So here’s why to hire an SEO agency:

  • SEO is too important to ignore, the stats on SEO’s returns prove it.
  • SEO companies offer more expertise with pro-strategies.
  • You can directly grow sales/revenue and not just
  • A good agency can offer SEO case studies based on experience with companies just like yours.
  • You can garner data/analytics to fine-tune all areas of your business and to improve multi-channel marketing.
  • Get long-term help to improve technical/advanced SEO.
  • They’ll have proprietary digital marketing software.
  • Get peace of mind with full account management, communication, and liaison services.
  • Regular reporting on site performance, ranking growth, traffic, click-through-rate (CTR), etc.
  • You’ll get fully customized meta title-tags for brand relevant search keywords.
  • You get meta description optimization for better CTR.
  • They can perform anchor text analysis and optimization.
  • Fully optimized content with keyword targeting and density.
  • You’ll get constant monitoring for site problems, errors, and algorithm penalties.

 

The reason why hiring an SEO agency is so important is that they can help businesses optimize for the most important search ranking signals. There are a lot of ranking signals used by search engines like Google or Bing – but some are more important than others.

 

SEO Agency Pro Strategies & Expertise

Plain and simple: an agency that specializes in search optimization is going to know better than you about what to get right. Because of its massive ROI we already know why SEO is important for your business. But where do you even start?
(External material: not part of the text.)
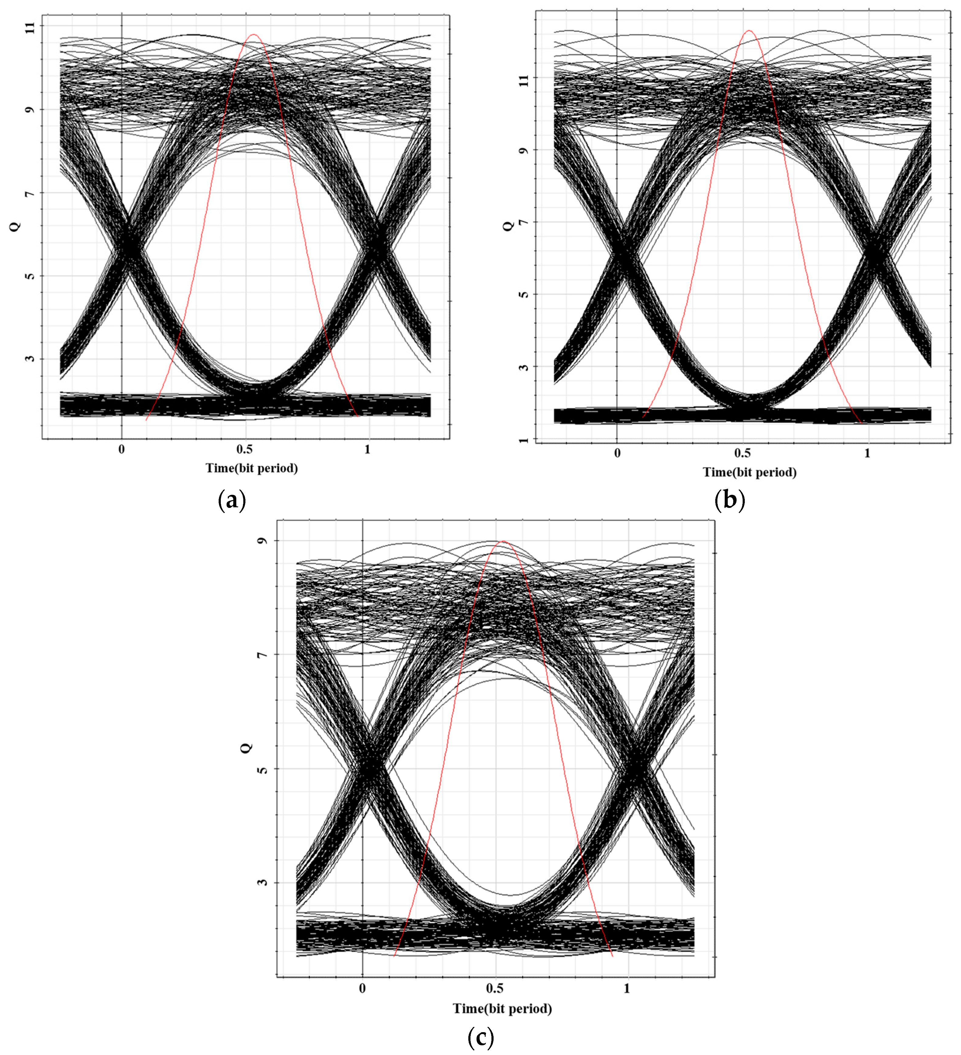Figure 15. As observed, all three-color channels exhibit clear eye diagrams with wide openings, indicating high signal quality. The signals show relatively fast rise and fall times, and the optimal receiver sensitivity is achieved when the crossing point ratio is approximately 45%. Under identical conditions, the eye-opening dimensions of the three colors are comparatively similar. The red channel achieved a maximum Q-factor of 10.79 with a minimum BER of 1.67 × 10

SEO is such a fast-evolving industry. SEO experts will be able to exploit the best tools, resources, and strategies to keep up with the changing landscape of SEO.

Plus, search engines like Google and Bing are constantly rolling out new updates which sometimes leave businesses struggling to keep up. In 2020 alone Google released 12 major updates to their search system, and those were just the big ones. They normally implement small adjustments to their algorithm dozens of times a month. SEO experts can keep up with fast evolving industry changes, new platforms, and wily competitors!

 

Turn Traffic Directly Into Actual SALES

Here’s maybe the main reason why you need an SEO agency now. Sales and revenue!
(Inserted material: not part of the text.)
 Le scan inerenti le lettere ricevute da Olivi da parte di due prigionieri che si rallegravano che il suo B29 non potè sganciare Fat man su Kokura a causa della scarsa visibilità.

By performing keyword research that focuses on industry language and searcher behavior, SEO agencies and digital marketing companies are able to focus on bringing in the right kind of traffic.
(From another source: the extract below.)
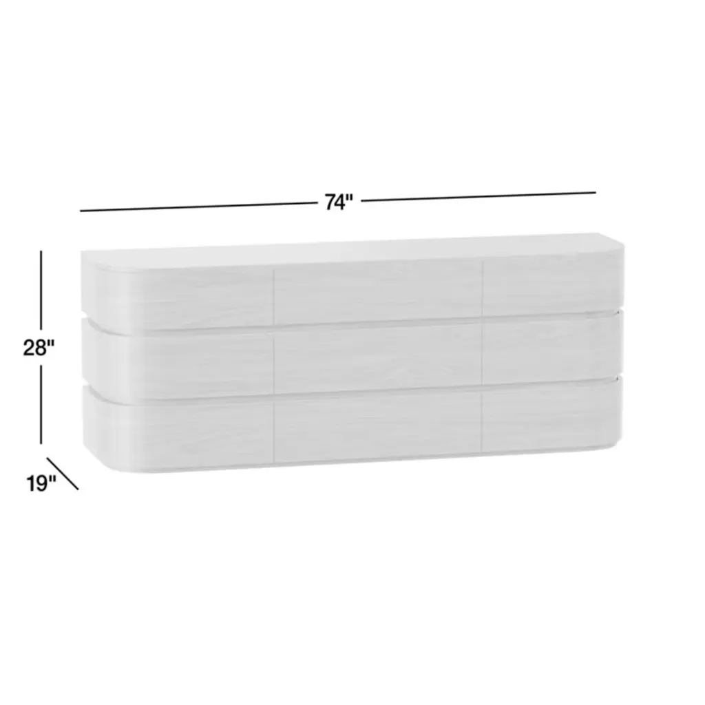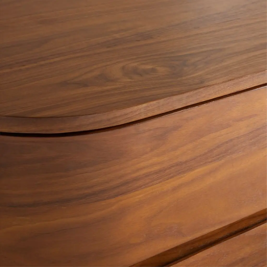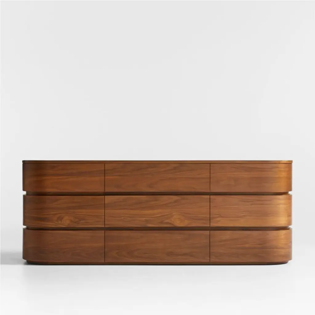 Milano looks to Italian design for its low profile and modern way with wood. Walnut veneer shapes the dresser with extravagantly curved corners and seamlessly integrated drawers that put all the focus on the beautiful wood grain. Recessed accents divide the dresser horizontally into three sections, lending linear interest as well as carving out the drawers with hidden finger pulls. A stunning addition to your bedroom, the dresser is part of our exclusive Milano bedroom collection.By choosing FSC®-certified furniture, you are supporting responsible management of the world's forests.

Consumers now do 70% of their research online before getting into any sort of sales conversation. In the aftermath of the Covid 19 pandemic, online shopping/eCommerce is the new normal for business. That means that being able to discover and target “intent-driven” keywords means gaining traffic specifically for people who know what they want and are ready to buy now. Professional SEO agencies will help online businesses to target keywords that gain concrete sales and ignore keywords that don’t.

Plus, strategies like conversion optimization (CRO), and CTR optimization tactics will help squeeze the best results out of your existing traffic. The experts can read and understand the data coming from tools like Google Analytics and Search Console – and they’ll know how to exploit it for better sales!

 

Data That Can Help You Pinpoint Even Better Results

Most businesses know about the importance of statistical information for understanding their customer base and site performance.

So why hire an SEO company to read your data for you?

Google Analytics offers detailed funnel reports, visualizations, and multi-channel traffic information that expert SEOs can digest and turn around into a more efficient marketing approach. Ecommerce tracking allows you to track data like the amount of sales, number of orders, billing location and more. Expert SEOs can track which products/pages/content are performing the best – as well as which keywords they are performing best for – and then optimize these areas with custom meta-data and content.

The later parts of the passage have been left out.